Anurag Kashyap says Satluj director Honey Trehan told him the CBFC chair had objections without watching the film, intensifying debate over certification and OTT removal.

Ananya Iyer

Commentary & Analysis ·

4 min read
A director reviews footage in a dark editing suite as a red film strip cuts across a period-film scene, evoking a censorship dispute

Verified key facts

  • Satluj is a period investigative thriller directed by Honey Trehan and starring Diljit Dosanjh.
  • The film was removed from ZEE5 worldwide within days of its release after a prolonged certification dispute.
  • Kashyap said Trehan told him CBFC chair Prasoon Joshi had objections despite not personally watching the film.

A certification dispute becomes a free-speech flashpoint

The controversy around Satluj has entered a sharper phase after filmmaker Anurag Kashyap publicly questioned the process through which Honey Trehan’s film was prevented from remaining available to viewers. According to Kashyap, Trehan told him that Central Board of Film Certification chairperson Prasoon Joshi had objections to the film even though he had not personally watched it. The claim, reported by The Indian Express, has intensified an already volatile discussion about film certification, executive discretion and the vulnerability of streaming releases. Satluj, a period investigative thriller led by Diljit Dosanjh, had reportedly fought a long certification battle before appearing on ZEE5 and then being withdrawn globally within days. For the film industry, the issue is no longer only whether one title should be released. It is whether creators receive a transparent, reviewable explanation when access to their work is restricted.

What Kashyap alleged about the process

Kashyap said that the CBFC chair can sometimes act on reports prepared by an examining committee rather than viewing a film personally. That in itself does not automatically establish wrongdoing; institutions routinely delegate initial assessment. The controversy arises from his further allegation that an adverse decision was made without clear reasons being communicated to the filmmaker. Due process requires more than the existence of authority. It requires identifiable grounds, a consistent standard and a meaningful route to appeal. When a film disappears from a major platform after release, audiences, producers and investors need to know which legal or certification condition changed. Without that information, speculation fills the gap and the restriction can appear arbitrary even if officials believe they acted within their powers.

Why Satluj is attracting exceptional attention

Several factors have made the film unusually searchable. Diljit Dosanjh brings a large multilingual audience across cinema and music. Honey Trehan has a reputation for serious, politically aware storytelling. Kashyap’s outspoken support adds another high-profile voice. Most importantly, the act of removal created scarcity. Viewers who might have ignored a routine release now want to know why the film cannot be watched. This is the familiar paradox of censorship: attempting to suppress a work can increase curiosity, encourage unauthorised circulation and transform a film into a political symbol. Kashyap has himself used provocative language while urging people to see the film, including comments that appeared to endorse piracy. That rhetoric reflects frustration, but it also raises a separate ethical issue because piracy harms rights holders and cannot substitute for lawful access.

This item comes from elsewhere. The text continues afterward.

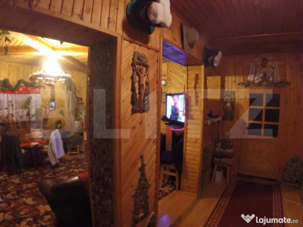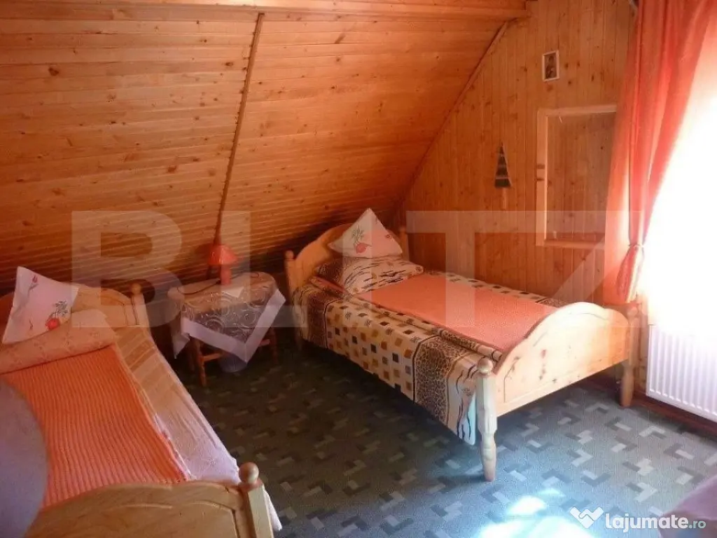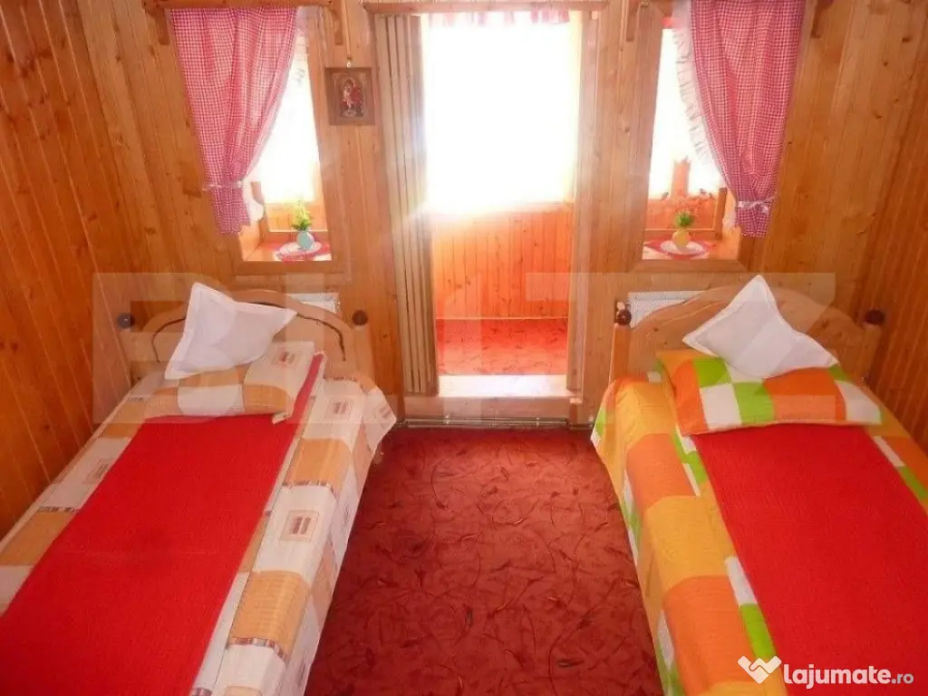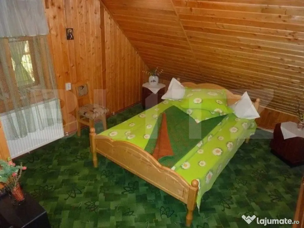 Blitz vă oferă spre vânzare o cabană spațioasă într-o zona pitorească. Clădirea cu 2 nivele are o suprafață utilă de aproximativ 180 mp, fiind compartimentată astfel: - Terenul este în mărime de 32.000 metri pătrați, având deschidere aproximativ 60 de metri la DN 174. Spre nord e mărginit de râul Neagra. - Casa este construită din lemn, cu amprenta la sol aprox. 150 metri pătrați. - În corpul principal avem 4 dormitoare, o sufragerie, o bucătărie, 2 grupuri sanitare și camera tehnică. - Corpului principal i-au fost adăugate două camere cu grup sanitar propriu și un salon cu bucătărie și grup sanitar. - Ca anexe avem un atelier de lucru, o magazie de depozitare, un foișor, un loc pentru grătar, două mese din lemn și un garaj dublu. - Casa este locuibilă, încălzită de centrală cu lemne, iar apa este trasă prin hidrofor din fântâna proprie. Va asteptam la vizionare! Cod ofertă / ID BLITZ: P12446 Id intern: P12446 Număr niveluri imobil: 1 Număr Băi: 3 Nr. locuri parcare: 2

Certification, censorship and streaming

India’s film-regulation system was built around theatrical exhibition, where certification determines what may be publicly screened and for which age group. Streaming complicated that architecture by allowing releases to travel instantly across jurisdictions and by creating different compliance pathways. The Satluj episode illustrates the practical confusion that can arise when a platform has launched a title but certification objections remain unresolved. For producers, a late removal can damage marketing expenditure, contractual relationships and international distribution. For platforms, continuing to stream a disputed film can create regulatory risk. For audiences, the absence of a detailed order makes it difficult to assess whether the restriction concerns violence, national security, defamation, historical interpretation, political sensitivity or a technical certification defect. Transparency would not eliminate disagreement, but it would make the disagreement intelligible.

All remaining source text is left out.